Authorities continued their hunt on Monday for the band of thieves who stole eight priceless royal pieces of jewelry from the Louvre Museum in the heart of Paris in broad daylight.

Officials said a team of 60 investigators were working on the theory that the raid was planned and executed by an organized crime group.

In France, it reignited a row over the lack of security in France’s museums, which the new Interior Minister Laurent Nunez acknowledged Sunday was a “major weak spot”.

The thieves arrived between 9:30 and 9:40 a.m. local time (0730 and 0740 GMT) Sunday, shortly after the museum opened to the public at 9:00 a.m., a source close to the investigation said.

They used a furniture hoist to get access to the Apollo Gallery, home to the royal collection, and cutting equipment to get in through a window and open the display cases.

A brief clip of the raid, apparently filmed on the phone of a visitor to the museum, was broadcast on French news channels.

The masked thieves stole nine 19th-century items of jewelry, one of which -- the crown of the Empress Eugenie -- was dropped and damaged as they made their escape.


Seven-minute raid

Eight “priceless” items of jewelry were stolen, the culture ministry said Sunday. The list they released included an emerald-and-diamond necklace that Napoleon gave his wife Empress Marie Louise.

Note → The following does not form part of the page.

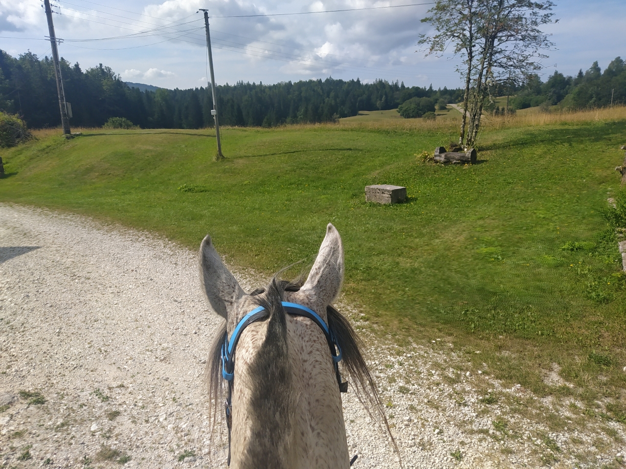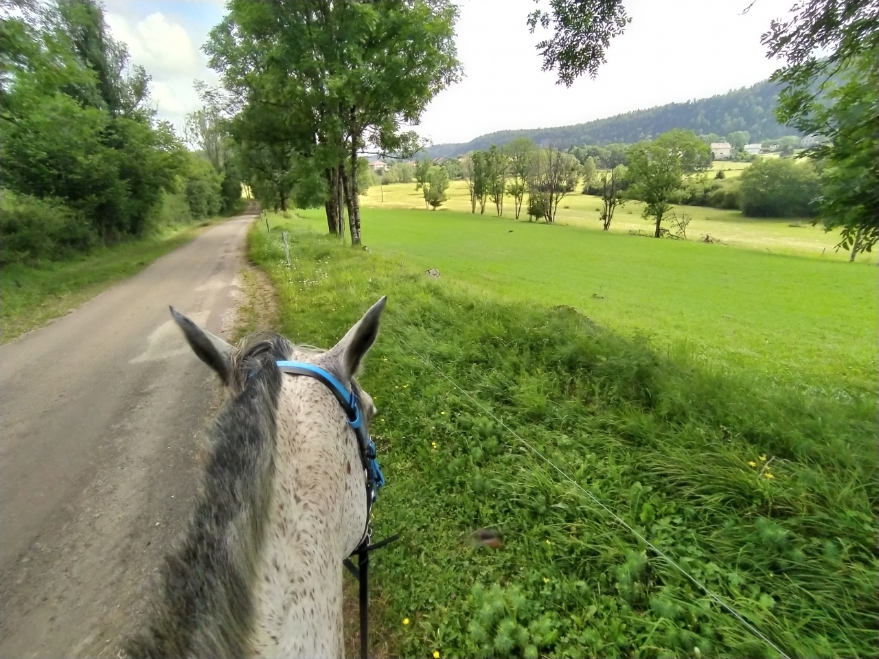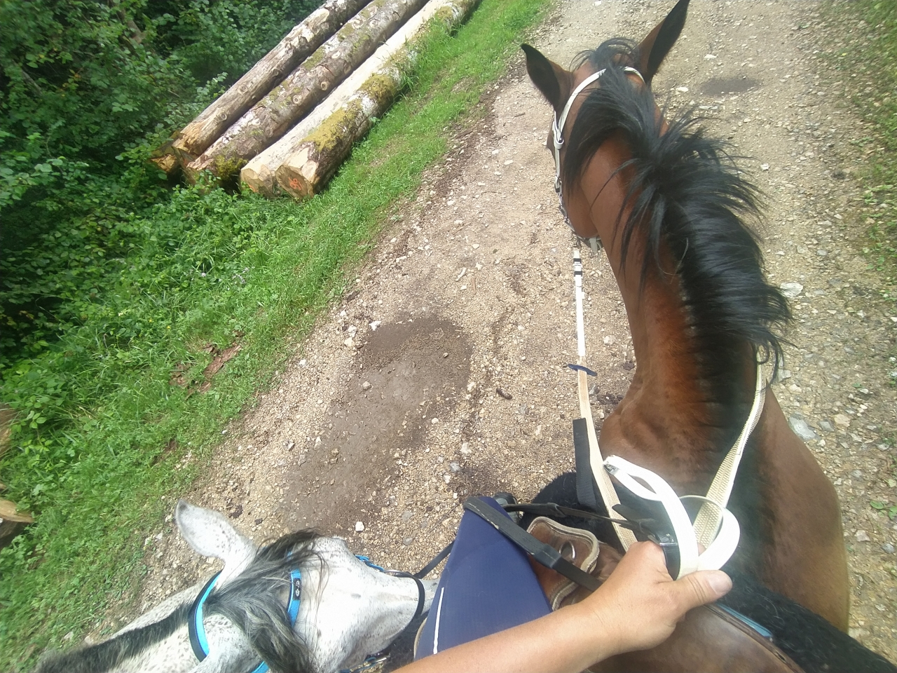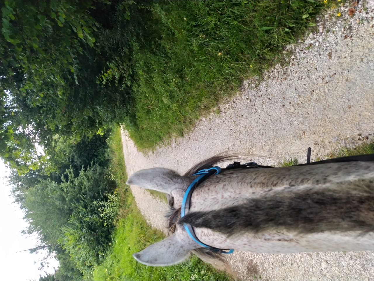 | Dire merci | hier petite sortie matinale au frais d'1h30 avec Naska ![]() ![]() ![]() et le soir petit travail de Java bon les barres au sol c'est toujours pas son truc, surelevées encore moins ![]() enfin là, on a surtout travaillé les changements de main dans le calme et la décontraction et la mission fut assez réussie ![]() et ce matin, la maman d'une copine de ma fille est venue monter avec moi cavalière de petit niveau je ne savais pas trop qui lui confier... finalement je prends Java et lui donne Naska Java a été top devant et Naska impeccable en traine savate ![]() j'ai juste eu droit à un demi tour bien précipité sur la route car un gros tracteur de la dde est sorti d'un virage comme un cinglé sinon ras ![]() 1h30 de pas ![]() ![]() (seule photo de Naska du jour pendant la pause pipi de sa cavalière ) |

Also stolen was a diadem that once belonged to the Empress Eugenie, which has nearly 2,000 diamonds; and a necklace that once belonged to Marie-Amelie, the last queen of France. It has eight sapphires and 631 diamonds, according to the Louvre’s website.

The whole raid took just seven minutes and was thought to have been carried out by an experienced team, possibly “foreigners”, said Nunez.

The intervention of the museum’s staff forced the thieves to flee, leaving behind some of the equipment used in the raid, said the culture ministry in a statement.